Markets are based on ‘neutral’ cooperation, and not on synergistic cooperation: no reciprocity is created.

Markets operate for the exchange value and profit, not directly for use value.

Whereas P2P aims at full participation, markets only fulfill the needs of those with purchasing power.

The disadvantages of markets include:

They do not function well for common needs that do not involve direct payment (national defense, general policing, education and public health). In addition, they fail to take into account negative externalities (the environment, social costs, future generations).

Since open markets tend to lower profit and wages, they always give rise to anti-markets, where oligopolies and monopolies use their privileged position to have the state ‘rig’ the market to their benefit.

P2P and Capitalism
Despite significant differences, P2P and the capitalist market are highly interconnected. P2P is dependent on the market and the market is dependent on P2P.

Peer production is highly dependent on the market for peer production produces use-value through mostly immaterial production, without directly providing an income for its producers. Participants cannot live from peer production, though they derive meaning and value from it, and though it may out-compete, in efficiency and productivity terms, the market-based for-profit alternatives. Thus peer production covers only a section of production, while the market provides for nearly all sections; peer producers are dependent on the income provided by the market.
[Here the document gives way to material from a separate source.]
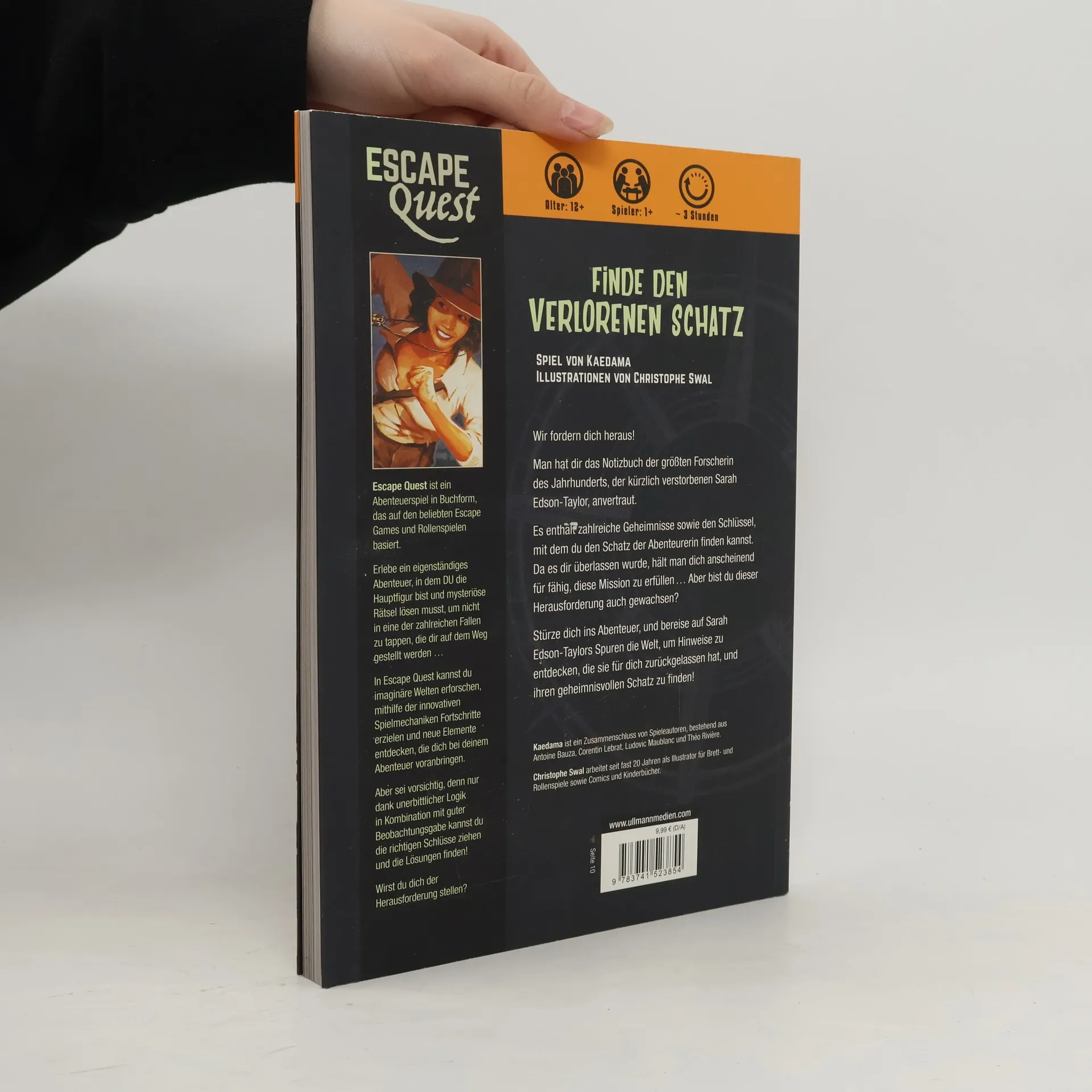 Beschreibung: Escape Quest ist ein Abenteuerspiel in Buchform, das auf den beliebten Escape Games und Rollenspielen basiert. Der Leser erlebt sein eigenes Abenteuer, indem er zur Hauptfigur wird. Von einem mysteriösen Rätsel zum anderen reist er in Band 1 auf den Spuren einer berühmten Entdeckerin um die Welt. Nur unerbittliche Logik in Kombination mit guter Beobachtungsgabe können hier helfen!

So far, peer production has been created through the interstices of the market.

But the market and capitalism are also dependent on P2P. Capitalism has become a system relying on distributed networks, in particular on the P2P infrastructure in computing and communication. Productivity is highly reliant on cooperative teamwork, most often organized in ways that are derivative of peer production’s governance. The support given by major IT companies to open-source development is a testimony to the use derived from even the new common property regimes. The general business model seems to be that business ‘surfs’ on the P2P infrastructure, and creates a surplus value through services, which can be packaged for exchange value. However, the support of free software and open sources by business poses an interesting problem. Is corporate-sponsored, and eventually corporate managed, FS/OS software still ‘P2P’: only partially. If it uses the GPL/OSI legal structures, it does result in common property regimes. If peer producers are made dependent on the income, and even more so, if the production becomes beholden to the corporate hierarchy, then it would no longer qualify as peer production. Thus, capitalist forces mostly use partial implementations of P2P. The tactical and instrumental use of P2P infrastructure, (collaborative practices) is only part of the story. In fact, contemporary capitalism’s dependence on P2P is systemic. As the whole underlying infrastructure of capitalism becomes distributed, it generates P2P practices and becomes dependent on them. The French-Italian school of ‘cognitive capitalism’ stresses that value creation today is no longer confined to the enterprise, but beholden to the mass intellectuality of knowledge workers, who through their lifelong learning/experiencing and systemic connectivity, constantly innovate within and without the enterprise. This is an important argument, since it would justify what we see as the only solution for the expansion of the P2P sphere into society at large: the universal basic income. Only the independence of work and the salary structure can guarantee that peer producers can continue to create this sphere of highly productive use value.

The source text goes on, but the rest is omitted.